Compare your reading to the latest news

“What's the latest on the Supreme Court tariff case? How does it compare to what I've been reading?”

The assistant searches Honcho for your saved articles on the topic, does a web search for the latest developments, and gives you a combined briefing that highlights what's new vs. what you've already seen.

Save a web article with notes

“Save this article and tag it as 'research'—the key insight is that ocean acidification is accelerating faster than predicted.”

The copilot fetches the URL, extracts the content, indexes it with your tags, and includes your annotation as a note. The article becomes searchable alongside everything else in your library.

Informed writing

“Draft a blog post about AI regulation using what I've collected.”

The assistant searches your Honcho index for everything tagged or related to AI regulation, combines it with current web research, and drafts something grounded in the sources you've already curated.

The search → favorite → digest loop

“Search for articles about AI safety.”
(reviews results)
“Good stuff. Add that as a favorite so I see new articles in my briefings.”
(later)
“Morning briefing please.”

The core workflow: search to find content you care about, favorite the sources and topics, then get a personalized briefing whenever you want.

Group Collaboration

Post analysis to the team

“Write up a summary of the Q4 earnings and post it to the research group.”

The copilot drafts the summary from your indexed content and publishes it to the shared group feed. Teammates see it immediately in their own copilot or admin interface.

Share an article with commentary

“Share that Reuters article about the Fed with the research group, and add a note that it's relevant to our rate analysis.”

The copilot cross-posts the entry to the group. The original author is preserved, your note is prepended, and provenance metadata tracks who shared it and from where.

Catch up after time away

“I've been out for a week. Summarize what's happened in the research group.”

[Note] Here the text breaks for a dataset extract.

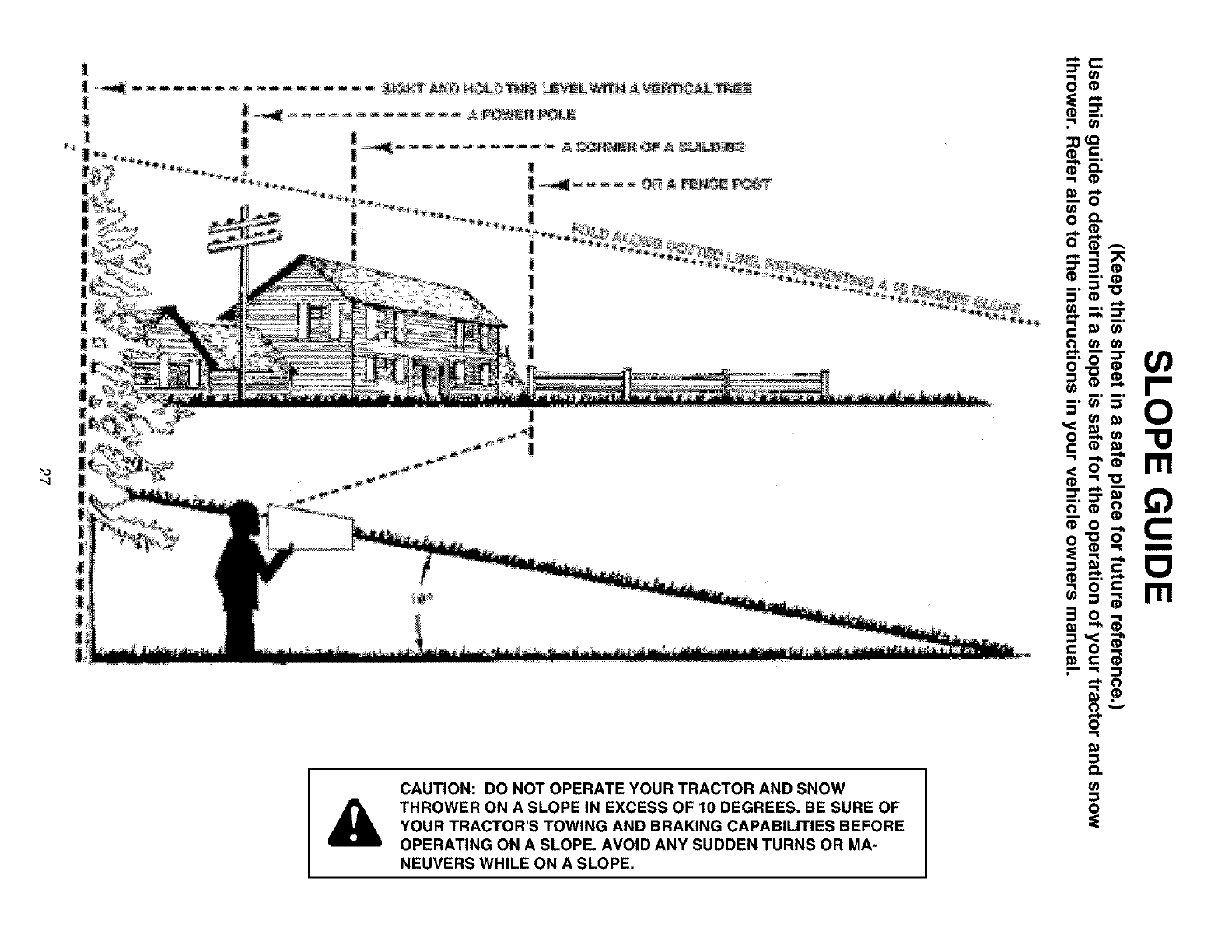 THROWER ON A SLOPE IN EXCESS OF 10 DEGREES. BE SURE OF

The copilot pulls recent group entries, reads through them, and gives you a synthesized briefing rather than just a list of titles.

Messaging

“Message the research group: the client meeting has been moved to Thursday.”

The copilot posts to the group’s shared feed. Messages, shared articles, and analysis all live in the same searchable stream.

Feed Management

Discover and add sources

“Find RSS feeds for The Verge and add them.”

The copilot discovers available feeds from the site URL, shows you what it found, and adds the ones you choose. Crawling starts automatically.

AI memory

“Remember that the client prefers weekly reports on Mondays.”

The copilot stores the note and can recall it in any future conversation. Memories persist across sessions—useful for preferences, project context, and recurring instructions.

Feedback and bug reports

“I have feedback: it would be great to have a dark mode option in the web UI.”

The copilot captures your feedback and routes it to the team. Use @bug to report issues—session context is included automatically so the team can diagnose without you having to explain every step.